Because he has kept a pack of beagles for more than 20 years, McCulloh has some definite ideas about the kinds of dogs he likes. "I'd rather have all the dogs in my pack be jump dogs; there's a lot of difference in a dog looking for a track - that's like a field trial - and looking for a rabbit," he said. "A good gun dog, a dog that hunts rabbits, that's a jump dog.

"You can always recognize your dog's voice if you keep a dog long enough," he said. "If you keep a dog and hunt him, you can tell him apart just like it was the voice of one of your kids in a dark room. But you want good mouths on all your dogs. I like a chop-mouth dog myself, but if you've got a squealer with a good mouth, you can probably hear him farther away."

Most of all, McCulloh wants a dog with spirit, a dog whose longing to hunt will often outweigh his other attributes.

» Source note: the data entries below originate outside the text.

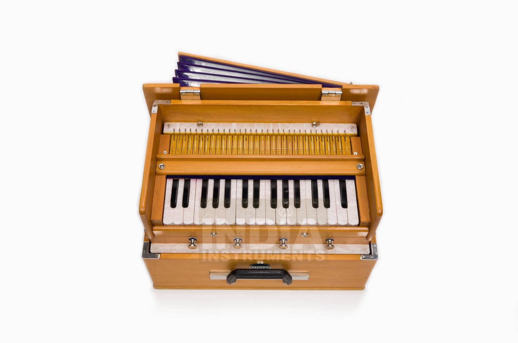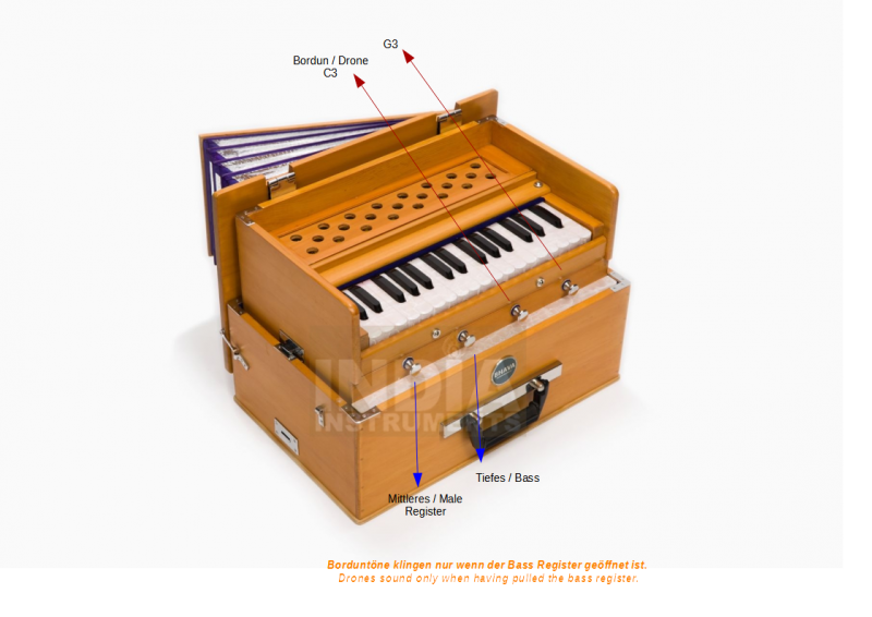 Unsere Harmoniums werden in Indien gleichschwebend temperiert nach dem internationalen Kammerton a = 440 Hertz gestimmt. Sie klingen aber hierzulande wegen des kälteren Klimas meist etwas höher bei a = 441 bis 442 Hertz. Der Unterschied ist gering und fällt selbst geschulten Ohren nicht unbedingt auf.
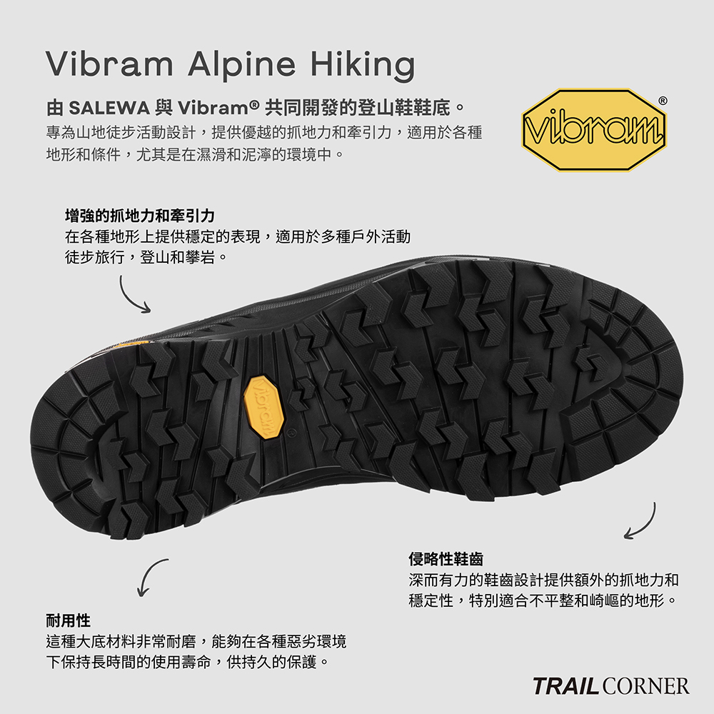 └ 由 SALEWA 與 Vibram® 共同開發的登山鞋外底技術。
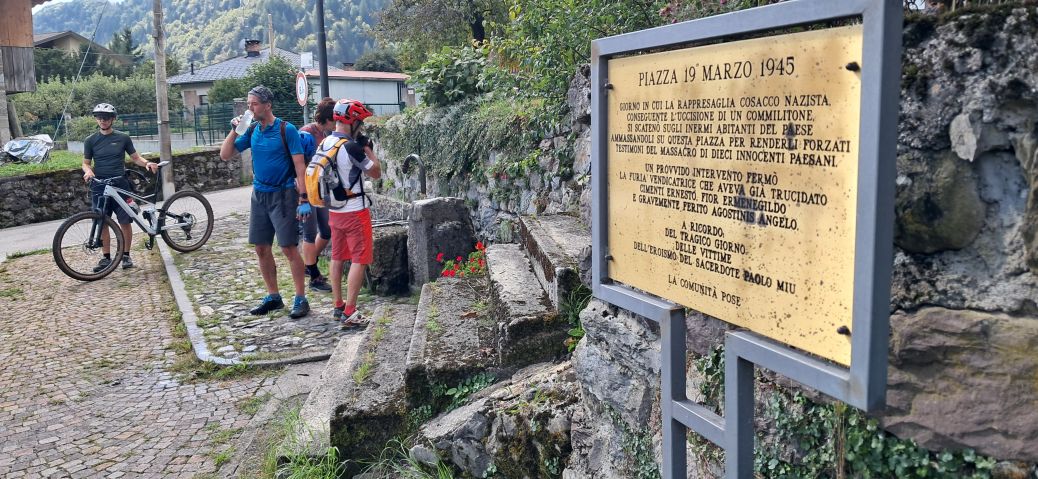 Tornanti, salita, asfalto, salita, tornanti. Fino al paese di Fielis. Luogo di ricordi bellici e di primi amori.
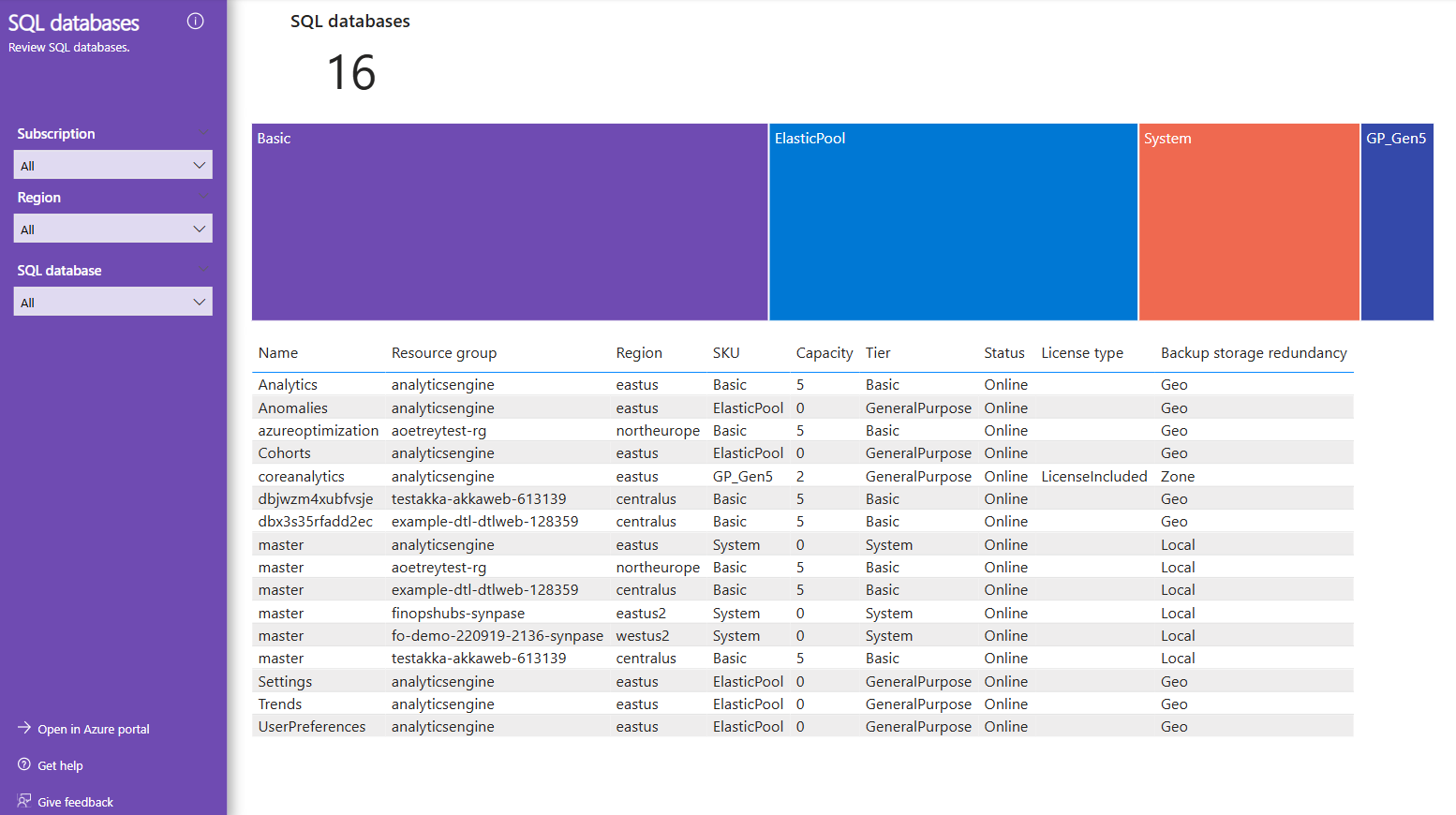 Strona Bazy danych SQL zawiera listę baz danych SQL.
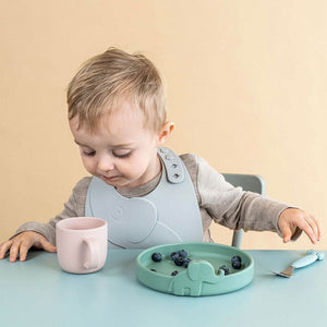 ¡Peekaboo es hora de comer!  Elphee se asoma desde el lindo y práctico plato de silicona y está listo para hacer la hora de la comida el momento más divertido del día.  Con una gran altura y bordes interiores redondeados, hace que el agarre de la comida sea mucho más fácil cuando los pequeños están aprendiendo a comer por sí mismos.
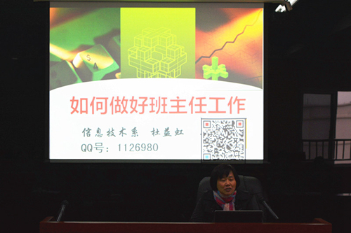 为了进一步加强师德风建设,提高班主任工作水平,有效的管理班级,提升班级凝聚力,畅通各系班主任互相交流、互相学习的渠道,12月3日下午,财会系邀请信息技术系优秀班主任杜益虹在教师发展中心做经验报告,两系班主任及辅导员参加了本次会议,会议由财会系党总支书记谢肖力主持。

"We've hunted cover as rough as there has ever been, and with these good rabbit dogs out in the field, there really isn't that much that can happen to them except maybe getting snake bit," he said. "That's what I worry about. My biggest fear used to be getting a dog shot when I was hunting with seven or eight guys at a time. But a good dog, a dog that's got so much desire, you'll never know there's anything wrong with him as long as he's running a rabbit. I've had a dog hunt all day and then get home and he'll lie around the pen. I'll find he's maybe got a brier in his pad or something and he'll try to pull it out with his teeth, but it won't stop him from hunting."

McCulloh takes care to look all of his dogs over after a day afield, his primary concern being injuries to the dogs' feet, especially their pads.

"A lot of times a dog will get a pad real sore or it will tear off, and you've got to get that pad better before you can hunt him again. You can't hunt him with a sore pad," said McCulloh, who regularly works his dogs several days a week - in and out of hunting season. "If a dog's got plenty of desire, he won't act like he's hurt when he's hunting, but he'll try not to put any weight on that foot. You get one that's torn a pad off one of his feet, you've got to be able to put him up for a week or so and treat it before you can put him back out."

Neither Lyndon nor McCulloh care to carry big shotguns when they're in the woods. Both prefer carrying relatively light semi-automatic shotguns.

"Why carry a 12-gauge all day when a 20 (gauge) will kill him just as good?" Lyndon asked. "I'm shooting either a 20-gauge or 28-gauge all the time now with 7 1/2 shot. That's plenty."

That, some good dogs, and heavy brush are the main components of a rabbit hunter's paradise.